Yeah, Vitor, if you’re going to cheat, at least be a man about it … like Big Ben. What the fuck? First, he’s referring to Vitor’s deal with the Toronto fight where he was on TRT and someone knew or didn’t know or whatever. Beats me. It isn’t exactly the clearest case to start with. But this reads like Belfort was out there pissing on Rothwell’s face or something. “Vitor was awesome when I met him in July.” Right. So, he was awesome before you knew about the weird Toronto shit … except that would have been after Vitor had very publicly failed a drug test in Nevada years ago. In Rothwell’s world: fail test in Nevada, that’s ok. Don’t fail in Toronto (for TRT, which most people were letting guys like Vitor use anyways, but that’s a broken record) and that is not cool.

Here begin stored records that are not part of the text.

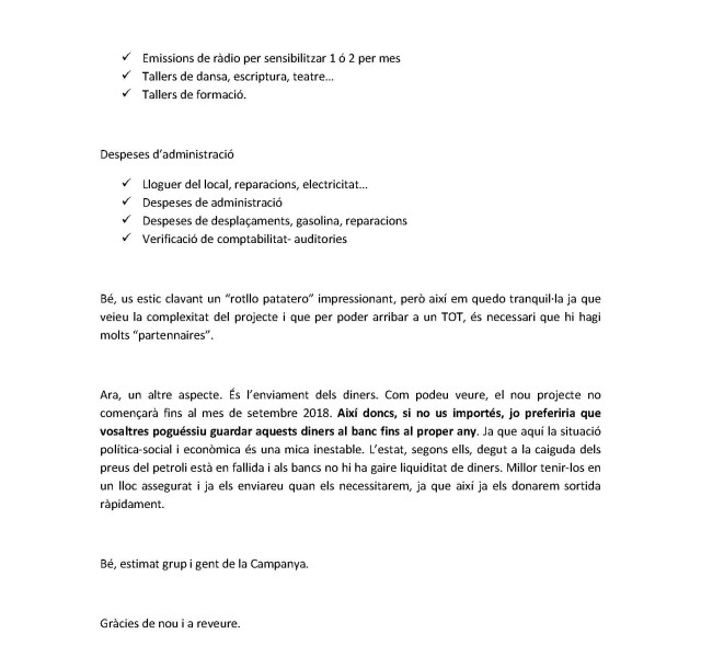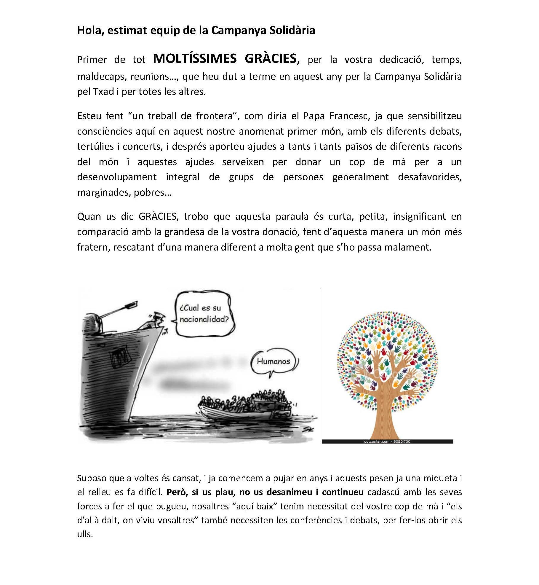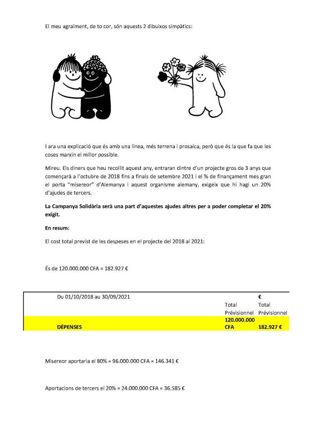 La germana Maria Antònia Vilar, la Minto, ens ha fet arribar aquesta carta d’agraïment per la 18ª Campanya Solidària que reproduïm tot seguit per les explicacions que dóna i la claredat amb què ho fa.
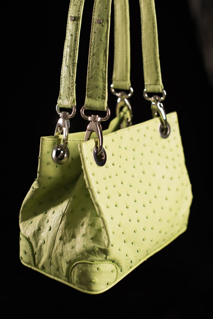 Während die Außenteile aus hochwertigem Straußenleder produziert sind, besteht die Innentasche aus feinstem Schlangenleder.
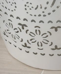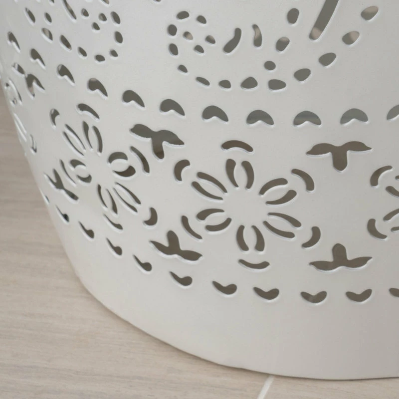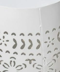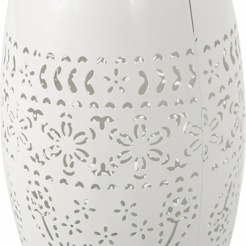 Whether youโre using this in your backyard space or in your living room, combine this accessory with your favorite chair to create a cozy corner. With a sleek, modern barrel structure, this end table is an excellent sidekick to your existing outdoor or indoor furniture, perfect for holding a tray of snacks or a pitcher of lemonade. The frame of our side table features a beautiful lace cut pattern, making this great for any area in need of something new.
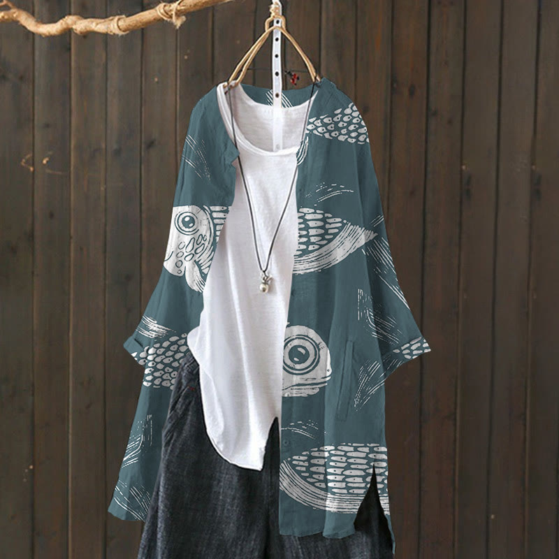 Dashingsoul Women's Big Eye Fish With Scales Art Print Cardigan
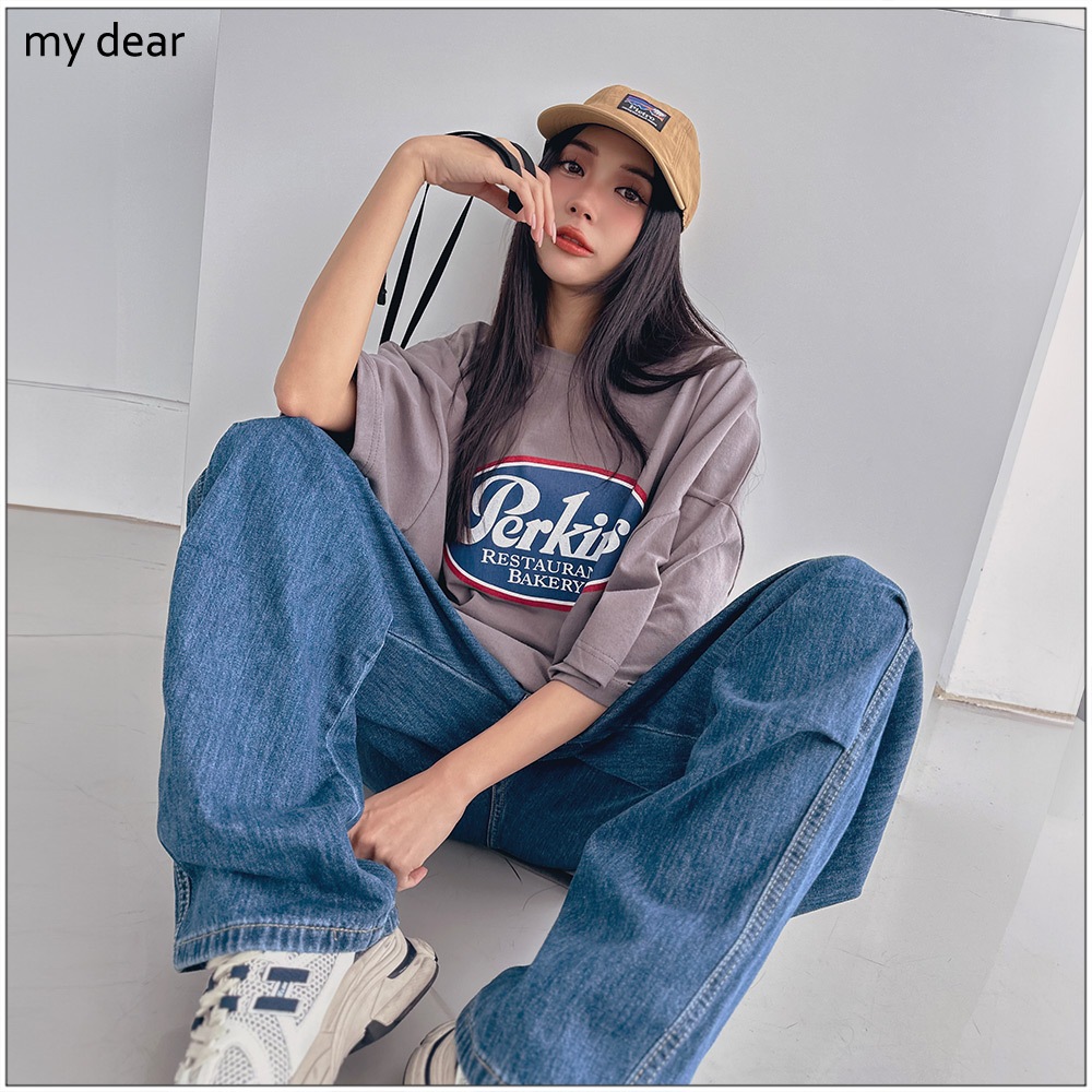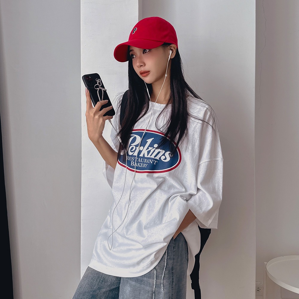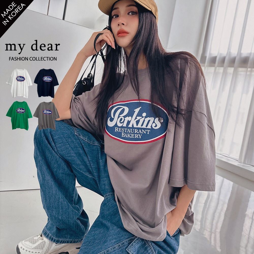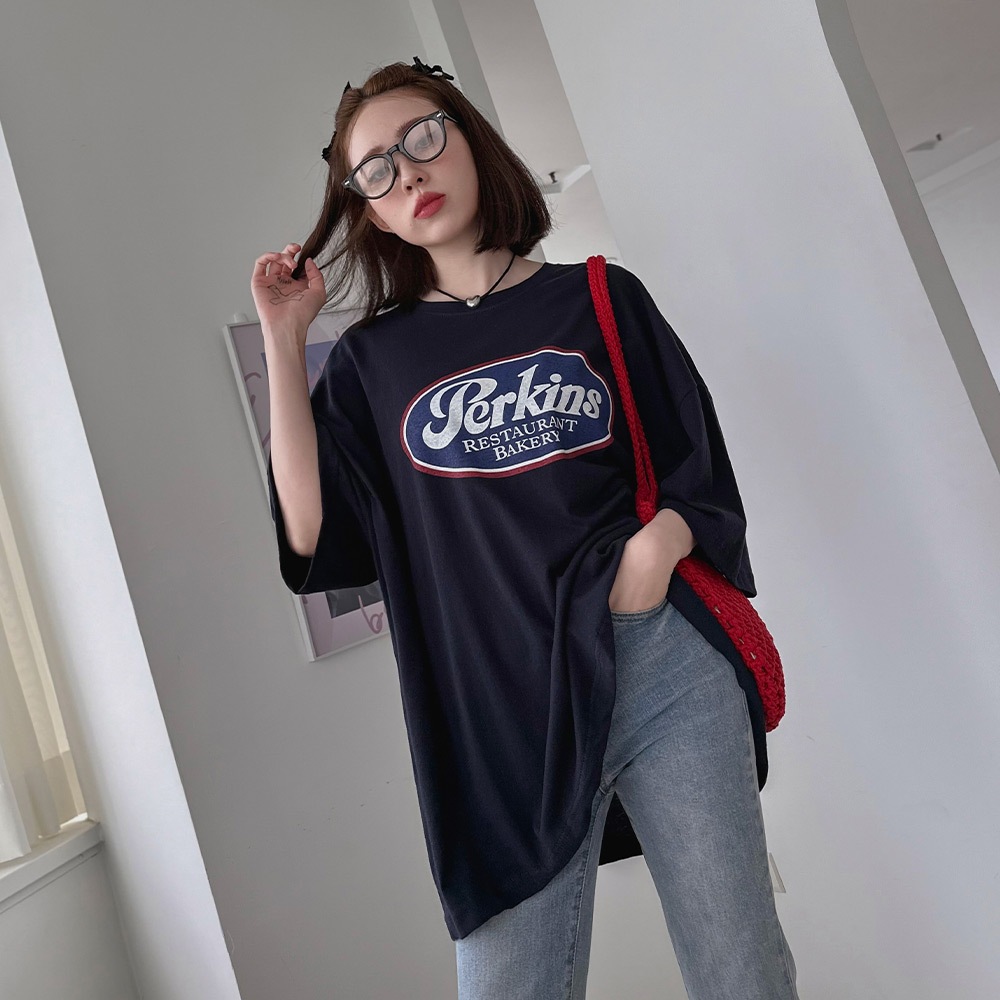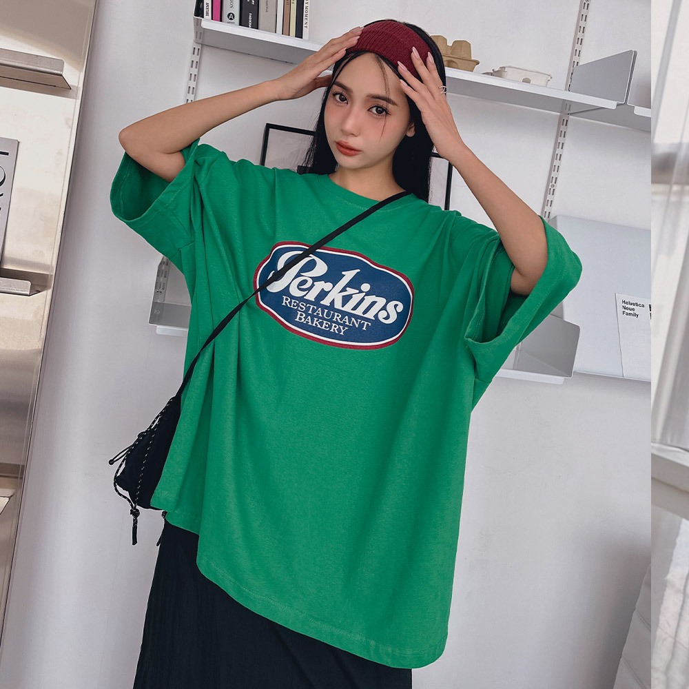 LULUS韓製/復古配色英字寬鬆T恤4色【A01240314】正韓 韓國上衣 240614深藍|綠|白|深灰T-shirtsLULUS

Oh, but a man whose nickname is that of a clock was not finished. He then turned his ire towards one Anderson Silva, he of broken penis fame:
“I’m going to say it, Anderson Silva destroyed his legacy. Not because he got busted, but after the fact, him continually denying (everything), showing just what a coward he is. No respect from me whatsoever. To contstantly be like, really dude? You were tested multiple times. You had these substances in your body. Like, who are you trying to lie to? You got busted. You’re a cheat. You f–ked up. Royally. Why are you going to sit here and continue to say you didn’t do it? It’s a disgrace. And you’re not a man. You’re not a man. I don’t care. You can throw some good punches and kicks, but inside as a person, you are gone. You’re nothing.“
To recap: cheating is OK but not being honest after you’re caught is bad. Fuck, the NSAC might just offer Rothwell a job!
Spike has no GLORY
Glory, that kickboxing promotion that was part of THE BIGGEST SHOW IN MMA HISTORY, is off Spike TV. I guess the deal ran out and they couldn’t come to terms. i.e., Spike wasn’t interested because it’s not like anyone else is going to be knocking down the doors of kickboxing that draws 200,000 viewers.
Former Fedor Foe Flees
Hong-Man Choi, who is big and tall and Korean and fought Fedor and lost because he sucks, is on the run! There’s an arrest warrant out for him in his native Korea because he borrowed money from people and hasn’t paid them back. Apparently, these friends then told the cops and a warrant was issued for his arrest. Imagine if they could arrest you for owing money? WTF, Korea?